--- EXERCISE INPUT Enclosed Below ---

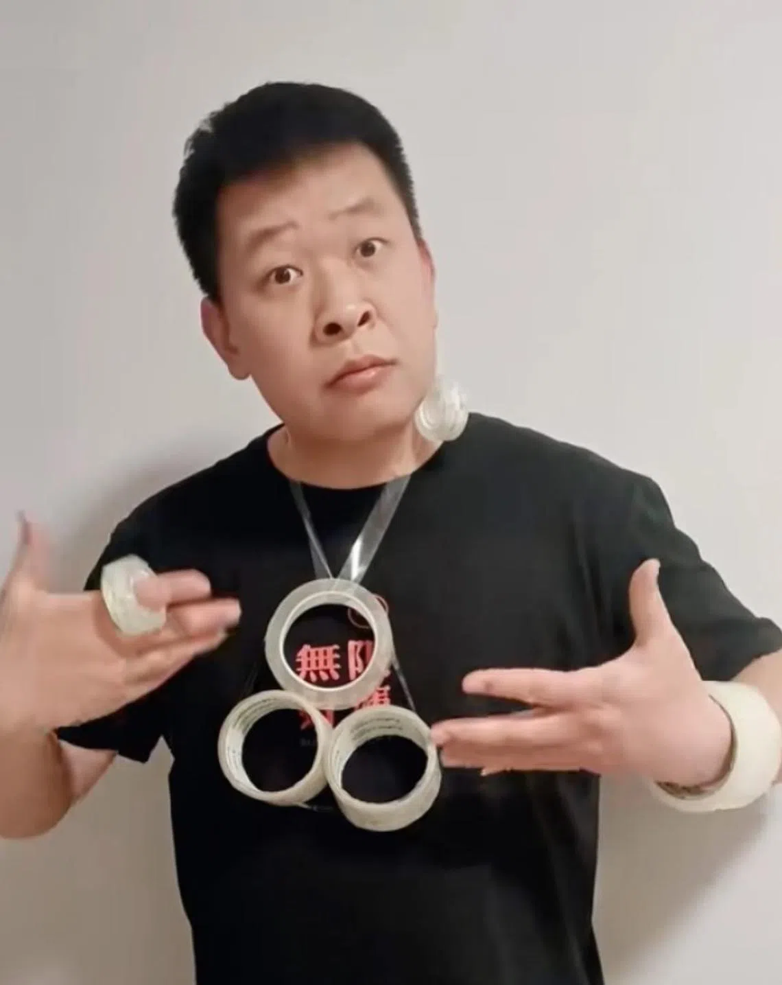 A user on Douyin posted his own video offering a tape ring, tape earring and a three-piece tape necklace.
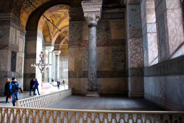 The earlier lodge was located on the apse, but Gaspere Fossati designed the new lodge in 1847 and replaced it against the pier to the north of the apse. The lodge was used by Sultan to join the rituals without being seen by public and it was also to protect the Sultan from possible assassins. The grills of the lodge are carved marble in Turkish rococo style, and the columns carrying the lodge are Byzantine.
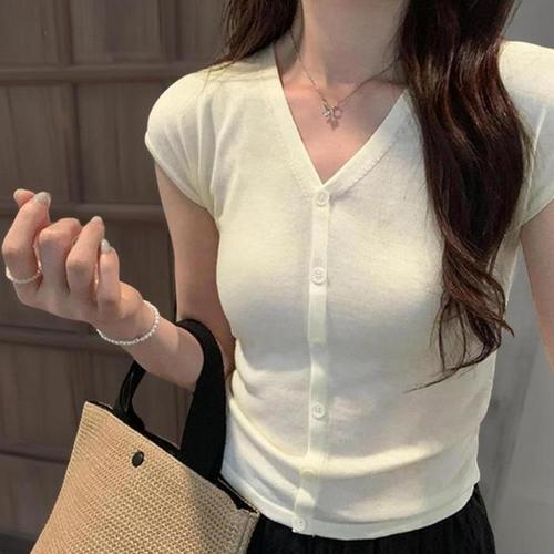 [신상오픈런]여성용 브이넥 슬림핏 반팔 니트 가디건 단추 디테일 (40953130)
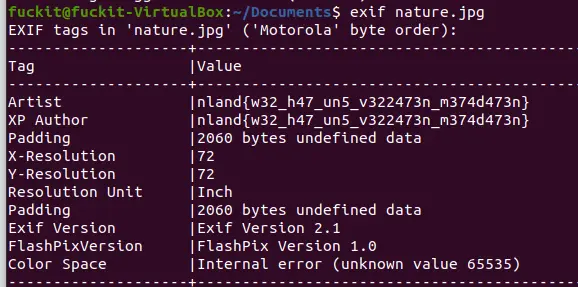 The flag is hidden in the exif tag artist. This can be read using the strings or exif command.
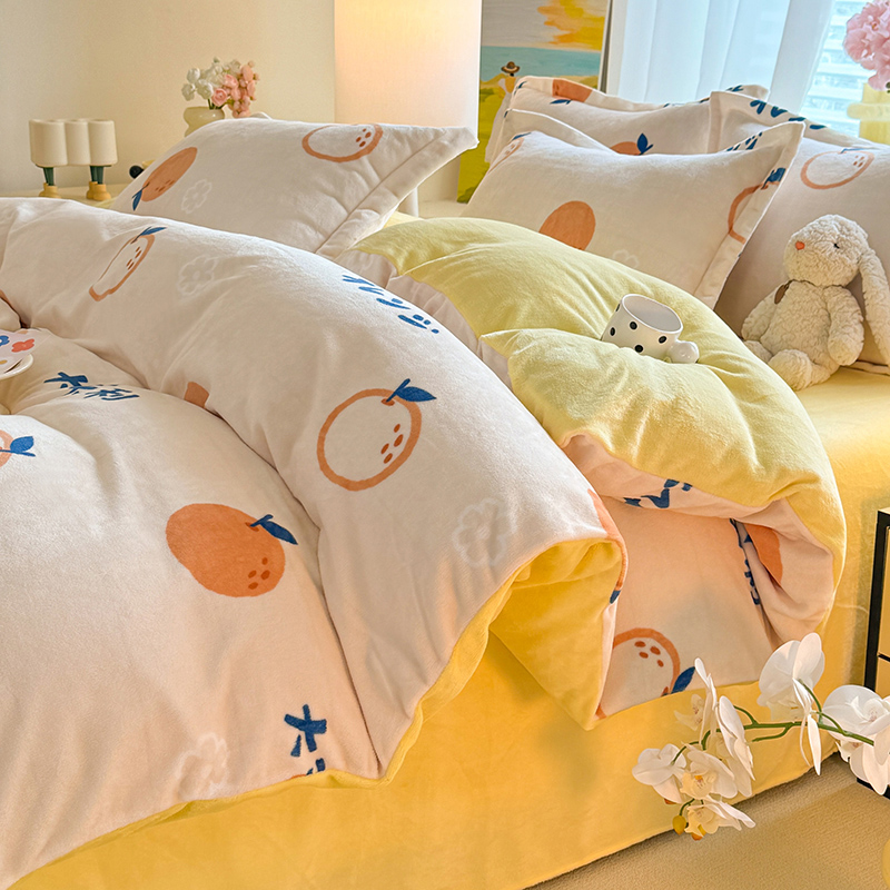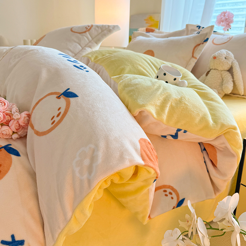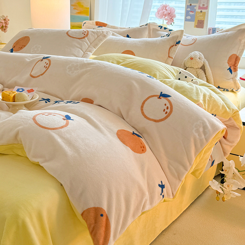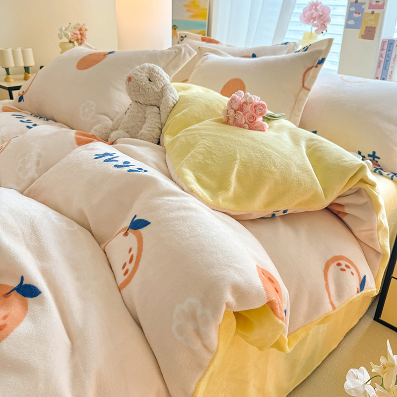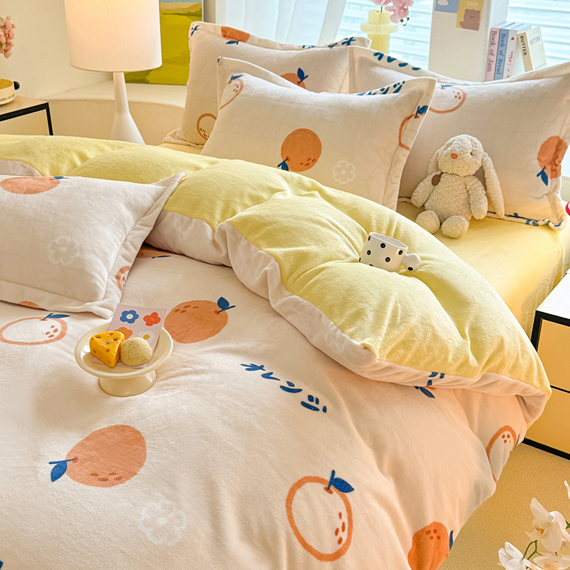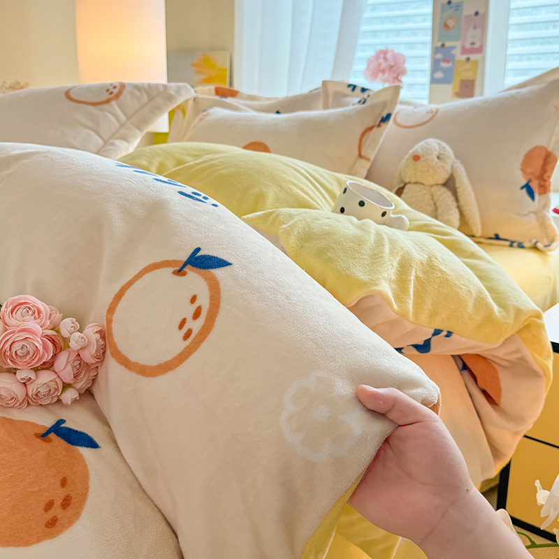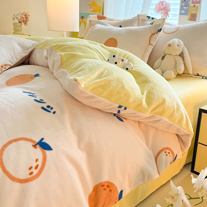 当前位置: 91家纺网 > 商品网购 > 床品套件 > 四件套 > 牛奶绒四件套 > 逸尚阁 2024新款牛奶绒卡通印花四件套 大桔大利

--- End of Enclosed EXERCISE INPUT ---

* WHAT IS BEING ASKED
Return the full listing above exactly as written, and omit the pictures.

* RESPONSE AREA
 A user on Douyin posted his own video offering a tape ring, tape earring and a three-piece tape necklace.
 The earlier lodge was located on the apse, but Gaspere Fossati designed the new lodge in 1847 and replaced it against the pier to the north of the apse. The lodge was used by Sultan to join the rituals without being seen by public and it was also to protect the Sultan from possible assassins. The grills of the lodge are carved marble in Turkish rococo style, and the columns carrying the lodge are Byzantine.
 [신상오픈런]여성용 브이넥 슬림핏 반팔 니트 가디건 단추 디테일 (40953130)
 The flag is hidden in the exif tag artist. This can be read using the strings or exif command.
 当前位置: 91家纺网 > 商品网购 > 床品套件 > 四件套 > 牛奶绒四件套 > 逸尚阁 2024新款牛奶绒卡通印花四件套 大桔大利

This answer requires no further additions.